EXERCISE AIM: Each line below is to be copied exactly; images do not go into the copy.

SOURCE DATA:
..........
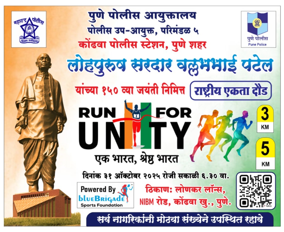 तरी सर्व नागरीकांना आवाहन करण्यात येते की, ३१/१०/२०२५ रोजी सकाळी ०७.०० वा. लोहपुरूष सरदार वल्लभभाई पटेल यांची १५० वी जयंतीच्या अनुषंगाने राष्ट्रीय एकता दौंड (RUN FOR UNITY ) चे मॅरेथॉनकरीता लोणकर लॉन्स, एनआयबीएम रोड, पुणे येथे मोठया संख्येने भाग घेण्याचे आवाहन करण्यात येत आहे.
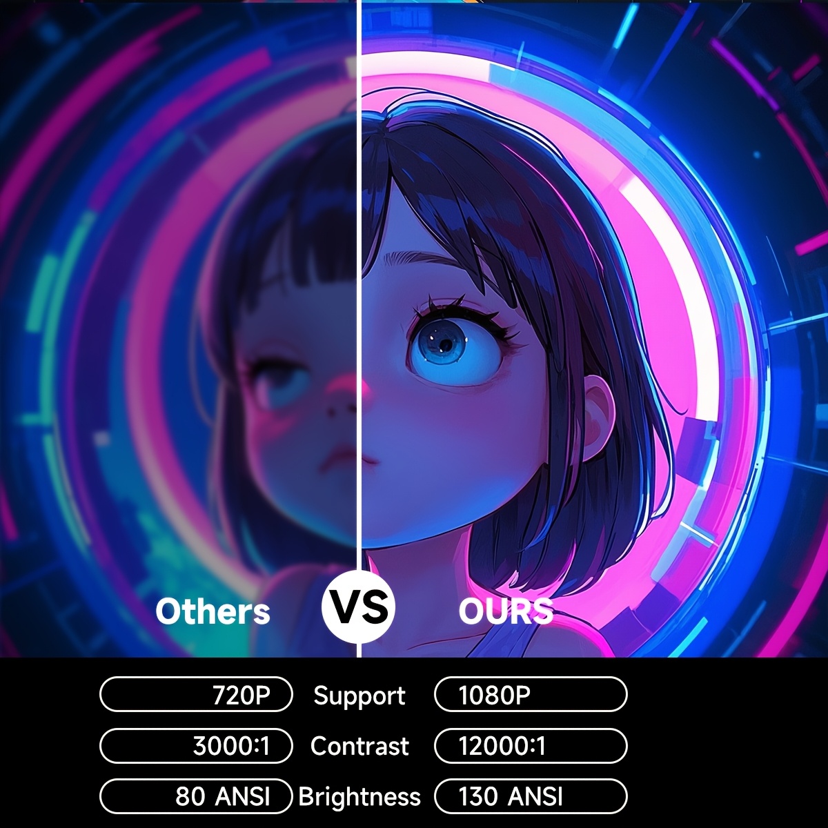 XYA-UHD Portable Mini Projector with WiFi & Wireless – Android 12, 270° Rotation, HD 1080P, Cute Bunny Design, Smartphone/Tablet Compatible, Ideal for Home Theater & Presentations
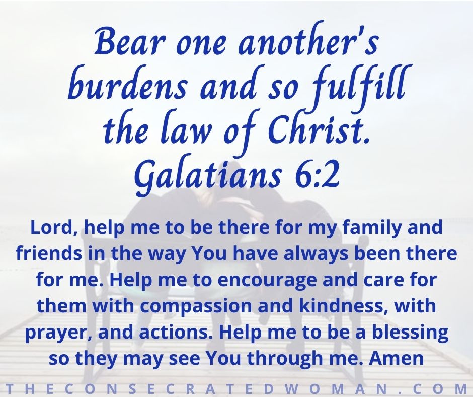 Lord, help me to be there for my family and friends in the way You have always been there for me. Help me to encourage and care for them with compassion and kindness, with prayer, and actions. Help me to be a blessing so they may see You through me. Amen
..........
OUTPUT BELOW:
 तरी सर्व नागरीकांना आवाहन करण्यात येते की, ३१/१०/२०२५ रोजी सकाळी ०७.०० वा. लोहपुरूष सरदार वल्लभभाई पटेल यांची १५० वी जयंतीच्या अनुषंगाने राष्ट्रीय एकता दौंड (RUN FOR UNITY ) चे मॅरेथॉनकरीता लोणकर लॉन्स, एनआयबीएम रोड, पुणे येथे मोठया संख्येने भाग घेण्याचे आवाहन करण्यात येत आहे.
 XYA-UHD Portable Mini Projector with WiFi & Wireless – Android 12, 270° Rotation, HD 1080P, Cute Bunny Design, Smartphone/Tablet Compatible, Ideal for Home Theater & Presentations
 Lord, help me to be there for my family and friends in the way You have always been there for me. Help me to encourage and care for them with compassion and kindness, with prayer, and actions. Help me to be a blessing so they may see You through me. Amen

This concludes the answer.